> _Requirement_
The answer must give back every line of the data exactly, with no pictures.

> _Data extract_

━━━━━━━━━━

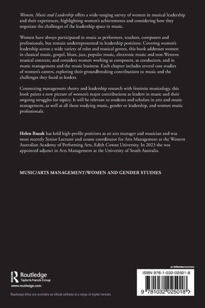 Women have always participated in music as performers, teachers, composers and professionals, but remain underrepresented in leadership positions. Covering women's leadership across a wide variety of roles and musical genres, this book addresses women in classical music, gospel, blues, jazz, popular music, electronic music and non-Western musical contexts, and considers women working as composers, as conductors, and in music management and the music business. Each chapter includes several case studies of women's careers, exploring their groundbreaking contributions to music and the challenges they faced as leaders.
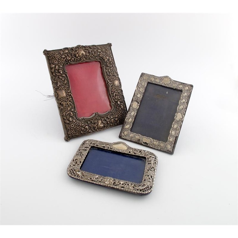 comprising: one of upright rectangular form, embossed decoration, plus two others, easel backs a.f. (3)
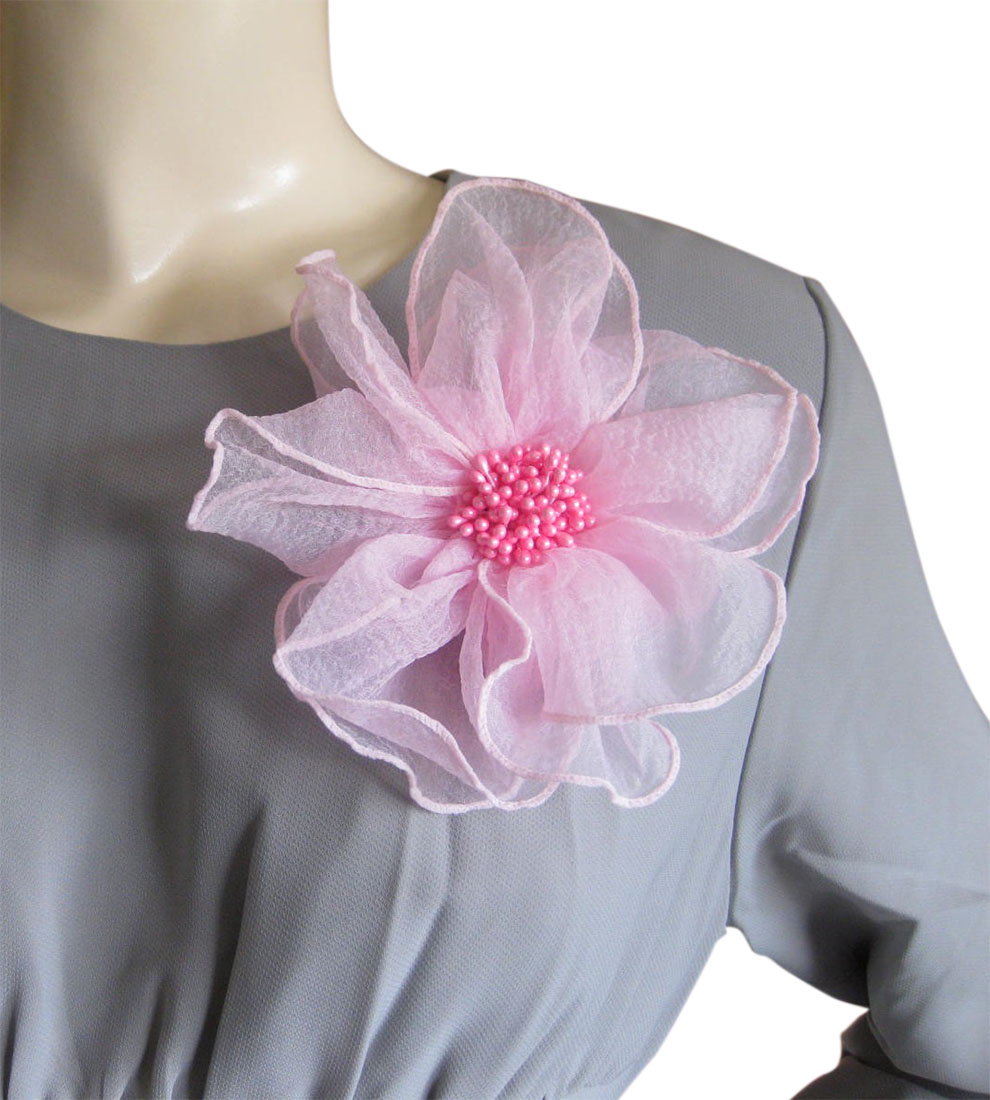 大きめサイズのシフォン素材コサージュ (2way仕様)
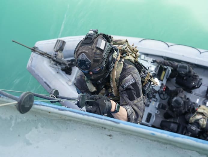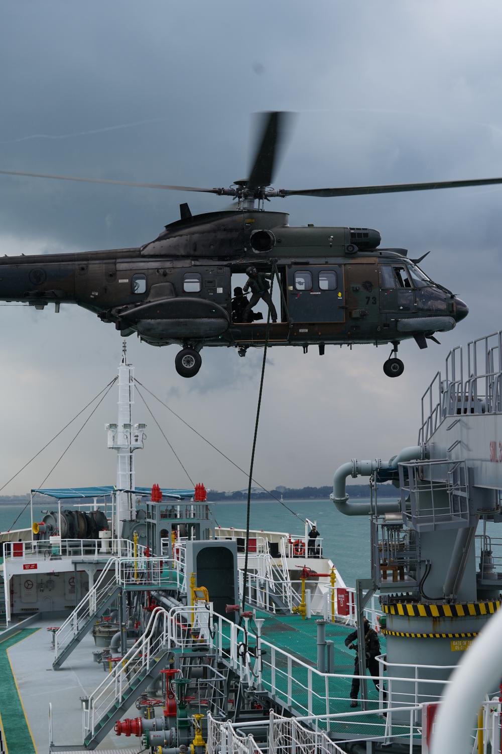 Special Operations Task Force troopers roping down to the hijacked tanker. (Photo: MINDEF)

━━━━━━━━━━

> _Answer box_
 Women have always participated in music as performers, teachers, composers and professionals, but remain underrepresented in leadership positions. Covering women's leadership across a wide variety of roles and musical genres, this book addresses women in classical music, gospel, blues, jazz, popular music, electronic music and non-Western musical contexts, and considers women working as composers, as conductors, and in music management and the music business. Each chapter includes several case studies of women's careers, exploring their groundbreaking contributions to music and the challenges they faced as leaders.
 comprising: one of upright rectangular form, embossed decoration, plus two others, easel backs a.f. (3)
 大きめサイズのシフォン素材コサージュ (2way仕様)
 Special Operations Task Force troopers roping down to the hijacked tanker. (Photo: MINDEF)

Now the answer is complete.